Figure 1 Thermoplastic composite application in an engine nacelle
High-Performance Thermoplastic Composites and Processing
Most composites used in current aircraft structures use thermosetting resins such as epoxy, bismaleimide, and polyimide. Compared with thermosetting resin-based composites, thermoplastic resin-based composites have the following advantages:
- When the condensed-phase structure is optimized, thermoplastic matrices exhibit higher matrix toughness. Thermoplastic resin-based composites have better fatigue resistance, higher impact damage tolerance, and higher damage tolerance compared with thermosetting resin-based composites.
- Lower porosity and moisture uptake, and better environmental resistance.
- Forming is a melt-consolidation physical process without curing reactions, enabling remolding and welded forming. Forming cycles are short, process efficiency is high, and parts are repairable.
- Thermoplastic prepregs can be stored at room temperature with near-indefinite shelf life.
After years of development, international suppliers have established mature thermoplastic composite systems. Major suppliers include TenCate (Netherlands) and Cytec (US); in recent years, Evonik (Germany) and Teijin (Japan) have also developed thermoplastic composite systems. International manufacturers offer carbon, glass, and aramid fiber-reinforced high-performance thermoplastic resins such as PEI, PPS, PEEK, and PEKK. TenCate's material and application technology systems are among the most complete.
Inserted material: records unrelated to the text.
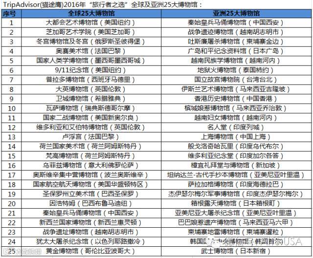 TripAdvisor(猫途鹰)9月13日公布了2016年“旅行者之选”全球最佳博物馆榜单。该榜单是根据TripAdvisor(猫途鹰)网站和APP上全球用户在过去一年内对博物馆的评分、点评内容与数量综合计算而来,反映了世界各地的博物馆在过去一年内受全球游客欢迎的程度。
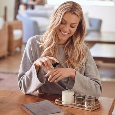 Απλώστε μία αντλία ορού στην παλάμη του χεριού σας και στη συνέχεια κάντε απαλό μασάζ στο δέρμα του προσώπου και του λαιμού.
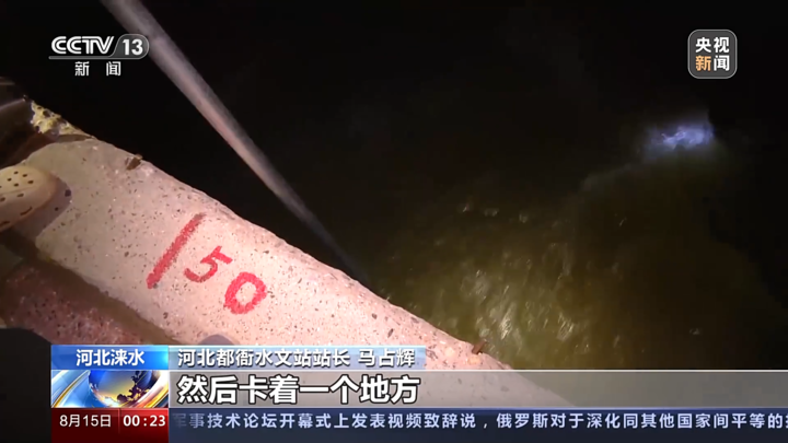 河北都衙水文站站长 马占辉:这流速太大,尽量往前探,顺着水势往下走,卡着一个地方,基本上就没问题。

In addition to mature material systems, international developments in thermoplastic composite forming include methods such as compression molding, autoclave/press forming, membrane forming, stamping, and automated fiber placement (AFP). AFP has become a representative low-cost, rapid forming technology for thermoplastic composites. Since thermoplastic forming is a physical melt-then-solidify process, AFP enables in-process heating, melting, automated placement, and in situ consolidation, significantly improving forming efficiency and reducing energy consumption and manufacturing cost.
For large parts, AFP avoids size limitations imposed by autoclaves during curing and mismatches in mold thermal expansion. Using unidirectional tape with short-cut fiber compression molding also provides another low-cost, high-performance approach for composite engineering applications, particularly when replacing aluminum alloy structures. Figure 5 shows TenCate Cobra Composite Structures using thermoplastic bulk molding compound in compression molding.
Research on high-performance thermoplastic composites in China began during the Seventh Five-Year Plan period, initially led by Jilin University for domestic PEEK development. Between the Eighth and Fifteenth Five-Year Plan periods, collaborations with the Beijing Aeronautical Materials Research Institute advanced prepreg preparation methods such as slurry impregnation and electrostatic powder methods and composite manufacturing technologies, validating manufacturing processes and installation for stiffened covers and stiffened panels on a fixed-wing transport aircraft demonstrator. Later, limitations in resin stability and prepreg manufacturing processes caused domestic research and application to stagnate.
Recently, the Advanced Low-Dimensional Materials Center at Donghua University (successor to the Jilin University team) has continued nearly 20 years of work on PEEK and PAEK synthesis and modification and has developed continuous fiber-reinforced PEEK prepregs and composites.
Using their proprietary hot-melt prepreg equipment, the Donghua team produced continuous carbon-fiber reinforced PEEK narrow-width prepregs (100 mm width), as shown in Figure 6, and fabricated laminated panels by hot pressing. Ultrasonic A-scan nondestructive testing showed intact internal laminate quality, as shown in Figure 2.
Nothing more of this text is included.